Manyi challenges DA and Save SA to visit his new media empire
The new boss of ANN7 says he is happy to explain what vendor financing is to anyone who's confused.
The new owner of ANN7 and The New Age, Mzwanele Manyi, has challenged his political detractors to visit his new empire. This after Save SA and the Democratic Alliance (DA) last week accused Manyi of being a proxy for President Jacob Zuma’s faction in the ANC.
Last week, DA MP Phumzile van Damme told Fin24 the party was concerned about the nature of Manyi’s new acquisition. She said it was a “complete and utter ANC hack”.
Manyi said he had written letters last week to DA federal chair James Selfe, inviting the party to the ANN7 offices.
“I want to explain to them, because they all seem to be confused about what vendor financing is. A lot of people did not know this concept until I came and made it popular. […] So I just want to explain to them. I will even give them a copy of the Companies Act,” he said.
The Gupta family’s Oakbay Investments announced last Monday that, through a R450 million vendor financing deal, Manyi’s company, Lodidox, had bought their media entities.
Manyi said the deal also included operational costs for both entities.
“I will also be saying to them that if they had any apprehension that the station is against them, that apprehension must end here. I want to give them assurance that if they want to come here to the station to say whatever they want to say, they must come. My doors are open to anyone that wants to come.
“This is not a place for a particular faction of any organisation, it is a place for anybody that wants to talk about anything,” Manyi said.
Manyi also took the opportunity to deny that his speaking out against “white monopoly capital” was related to PR company Bell Pottinger and the allegations that the term was used as part of Gupta-funded propaganda.

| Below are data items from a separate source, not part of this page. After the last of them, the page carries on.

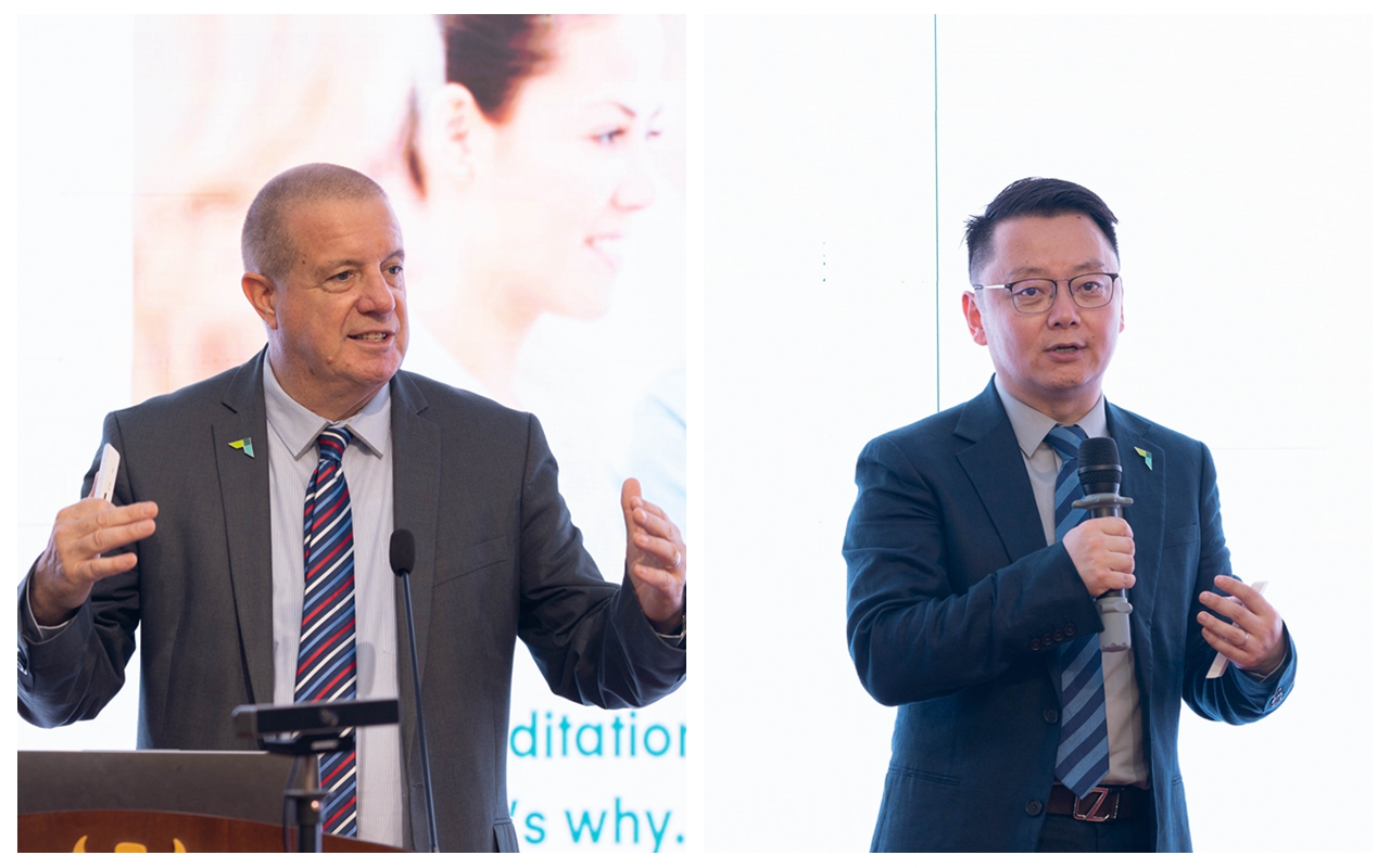 AACSB执行副总裁Geoff Perry和东亚区负责人徐国栋就对标国际标准,推进有特色的国际化商学院建设作了精彩详尽的解读。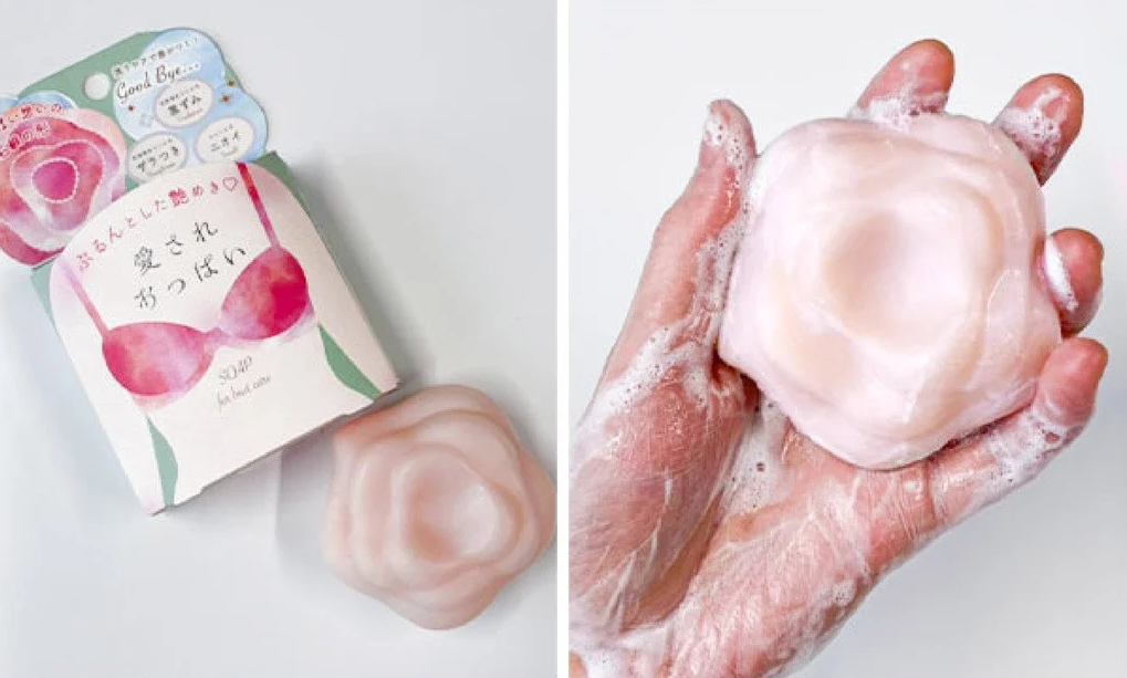 - Sản phẩm thiết kế riêng cho vùng ngực trong thiết kế độc đáo, bánh xà phòng hình bông hoa hồng gợi nhớ tới đường nét vùng ngực. Bánh xà phòng thiết kế có các tầng, phần lõm lớn ở giữa để bạn tắm trực tiếp vùng đỉnh ngực. Các phần lõm xung quanh để cầm nắm dễ dàng, đồng thời bề mặt không bằng phẳng cùng nhẹ nhàng mát-xa khe ngực và ngực, thúc đẩy quá trình lưu thông máu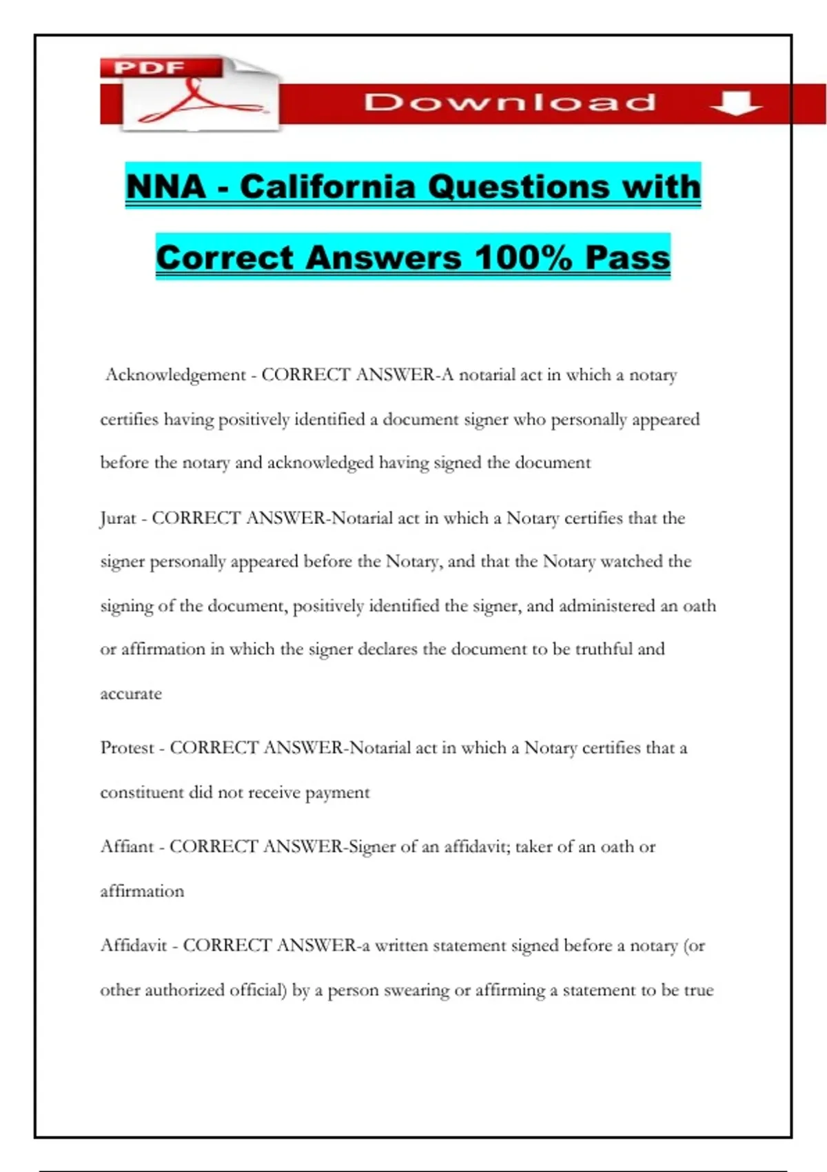 Jurat - CORRECT ANSWER-Notarial act in which a Notary certifies that the
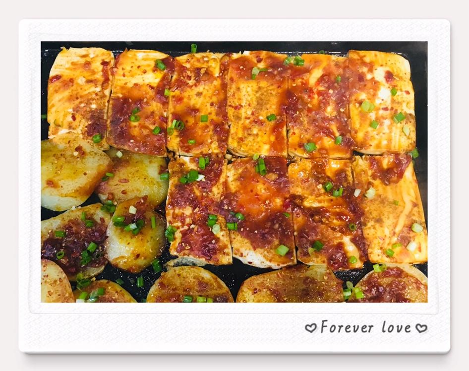 今天晚上烤了豆腐和土豆,辣辣的,挺好吃的!😜记录了菜谱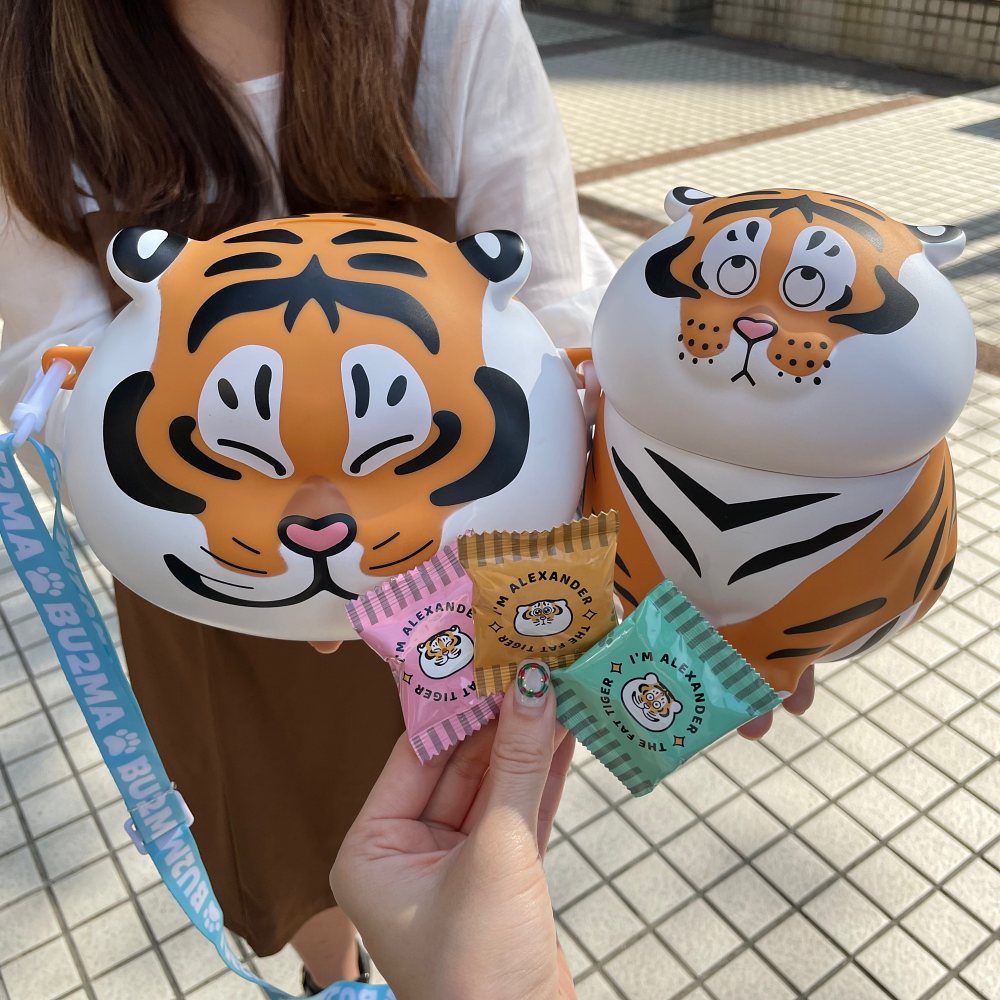 猛虎下山的「胖虎」可愛登場,陪大家迎接農曆虎年!「歡樂側背桶」採萌虎大頭造型,隨附草莓、柑橘、青蘋果3種口味的糖果,揹在身上相當可愛,好適合帶去遊樂園玩;「新春糖果桶」則是以坐著賣萌的胖虎為造型,還能當成「存錢筒」使用。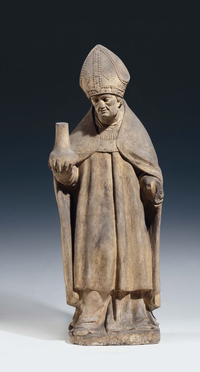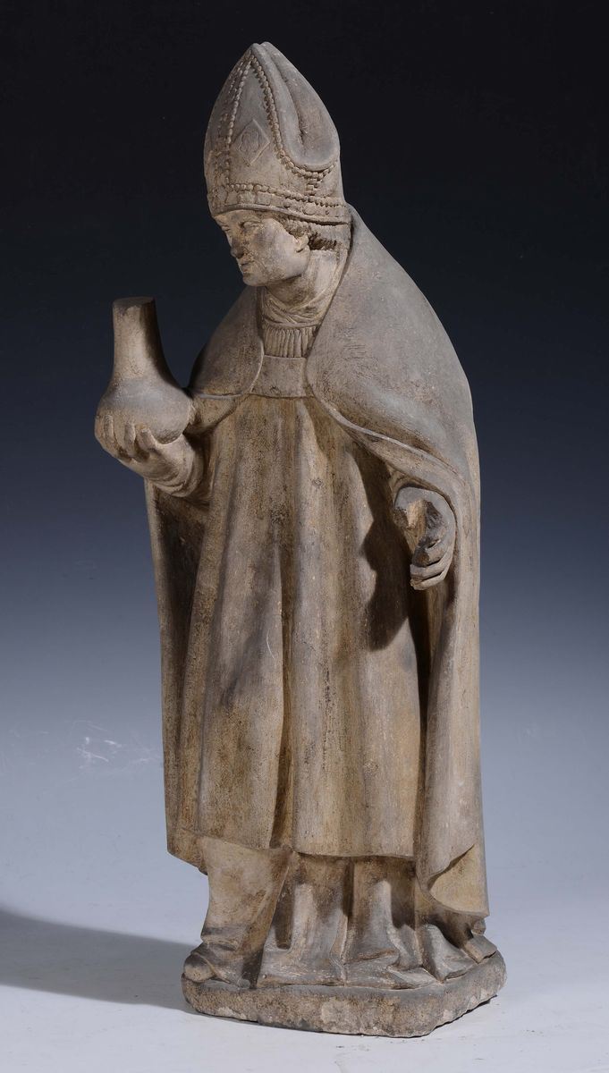 I due santi vescovi, rappresentati in piedi con i loro simboli identificativi (meno certi per la figura con il libro aperto), appartengono, probabilmente, alla produzione scultorea tra gotico e rinascimento di arca veneta, anche se alcune caratteristiche, nei volti e nell'ampia tiara, possono identificare forme stilistiche d'oltralpe in particolare affini alla Borgogna. Curioso rilevare come le due tiare siano praticamente identiche quasi a sottolineare la contiguità territoriale dei due Santi, fatto che farebbe propendere per l'ipotesi veneta essendo S.Prosdomo, rappresentato con la brocca in mano per il suo infaticabile attivismo come battezzatore, primo vescovo e patrono della città di Padova
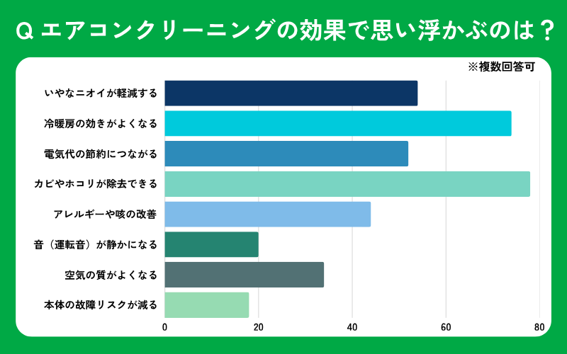 エアコンクリーニングで改善されそうな効果として思い浮かぶものをすべて選んでください。(複数回答可能)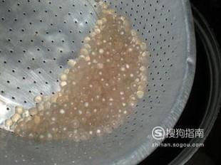 捞出后冷水冲洗,这样的西米露才不会粘附在一起,颗颗分离,十分漂亮。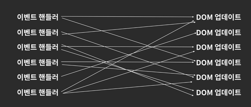 사실 리액트를 사용하지 않아도 얼마든지 웹 페이지를 html, css를 이용해 만들 수 있다. 그러나 html과 css등으로만 만들어진 웹페이지는 동적인 데이터를 UI에 뿌려주기에는 적합하지 않다.리액트를 이용한다면 사용자와 상호작용할 수 있는 UI를 손쉽게 만들어 줄 수 있다. 어느정도 규모있는 프로젝트를 진행하다보면 위의 사진과 같이 복잡한 관계를 가지게 된다.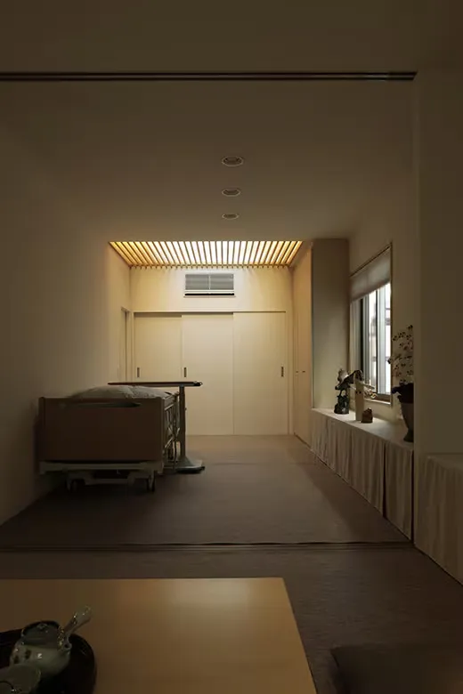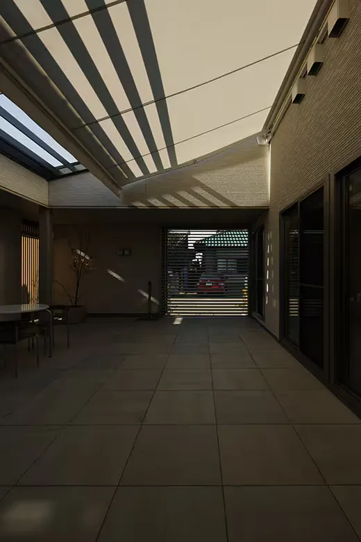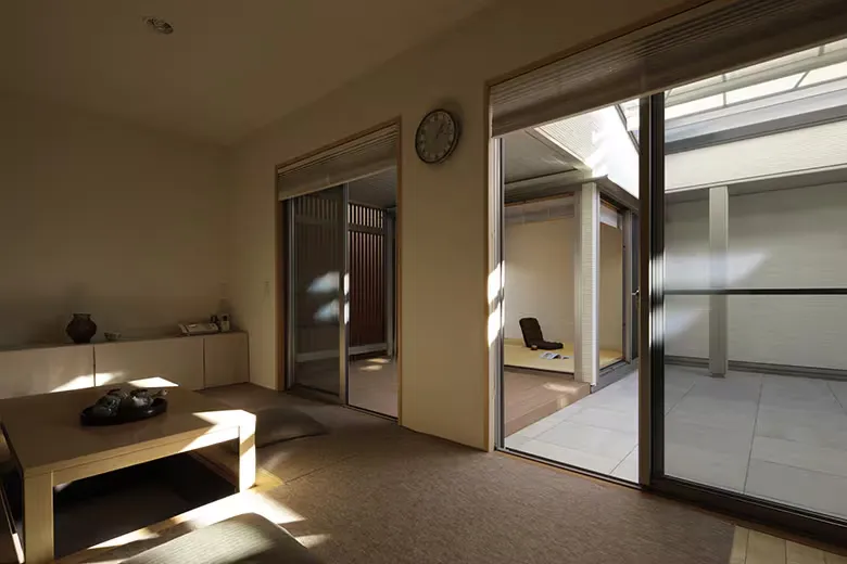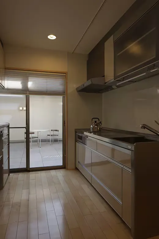 南側の窓から中庭の「間」へつながるキッチン。バーベキューなどをする際の動線も考慮

“I have been more into corporate transformation than into the political space, so the reason I am into the white monopoly capital conversation is not Bell Pottinger.
“I started this thing as a corporate transformation activist in the BMF [Black Management Forum] space, for my main focus has largely been the transformation of the corporate environment. The politics, I thought they belonged to other people. […] Mainly my focus has been transformation, particularly in the private sector.”